I smiled. “Me either.”

He pointed down a tunnel off the hearth. “I’m going to sleep. You and Dean can stay by the hearth. None of the others will bother you there, but don’t wander around. You smell pretty tasty.”

“Just what every girl wants to hear,” I told him. “We won’t go anywhere.”

“Don’t,” he said. “Not all of us feel the same way about humans.” He crawled off down the tunnel, and after a time Toby took his leave as well.

I poked in corners of the hearth room a bit, while Dean dozed with one eye open against the warm brick. “You need a pillow, princess, I’ve got an arm,” he said.

“I’m not tired,” I told him, fingering a dog-eared, year-old copy of
Amazing Stories
. I smiled to myself. Knowing that Cal’s love for trashy pulps, at least, hadn’t been a lie eased the wound his true face had left.

Dean drifted to sleep while I examined the detritus that the ghouls had collected—broken china, collections of
gears that came from a hundred different machines, a single red patent-leather pump. Shards of glass and metal hung on red string from the ceiling, refracting the gentle light from the gaps in the hearth chimney. Broken dolls were nailed in rows along the walls of the nest, their empty eyes staring down at me. At the apex of the roof, glass globes from old lamps had been arranged on wire to reflect our solar system. A ghoul had made a miniature universe above my head, stars and planets spinning slowly in their orbit.

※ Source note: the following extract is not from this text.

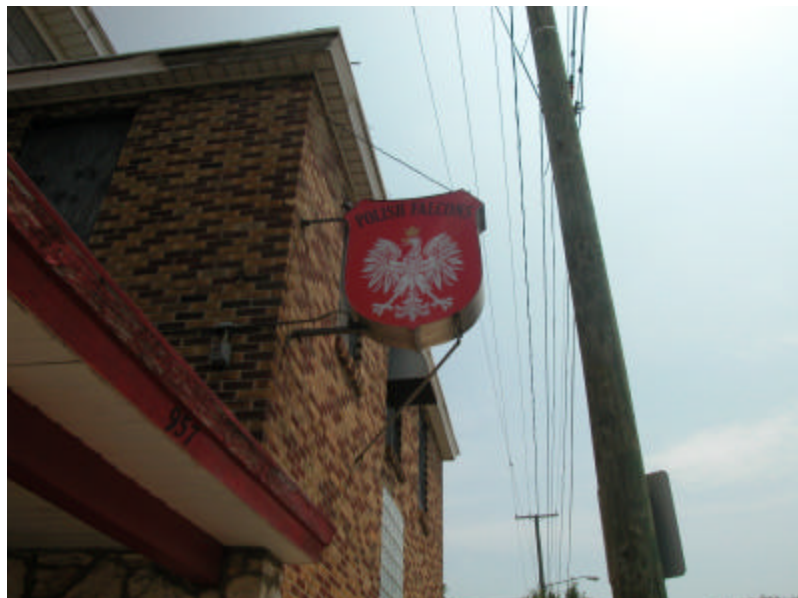
Exterior, Polish Falcon's Nest, Grand Rapids, Michigan.

Finally, the Board decided to set policies on funding projects. The Board agreed that it would consider requests to fund the publication of works, but it would not fund research or translation.

Even here, ghouls saw the same stars I did, though not in the same way. They saw broken, fractured, fragile glass, while I saw the only constant in the world. The sky was the sky, no matter where I stood.

Except, it appeared, under the ground.

To distract myself from the cold knowledge of where I’d ended up in my mad plan to awaken the queens, I tried to discern how the hearth chimney worked. A small cooking door sat nestled into the hand-laid brick, and I turned the wheel to crank it open. Heat pinked my face as I squinted into the depths of the hearth. A steam pipe sat in the center of the brick, puffing fragrant warmth into the open air. My Weird prickled as I realized what I was seeing. I gasped and then shouted for Dean.

He came upright with a start, and Cal and Toby appeared from the nest tunnels.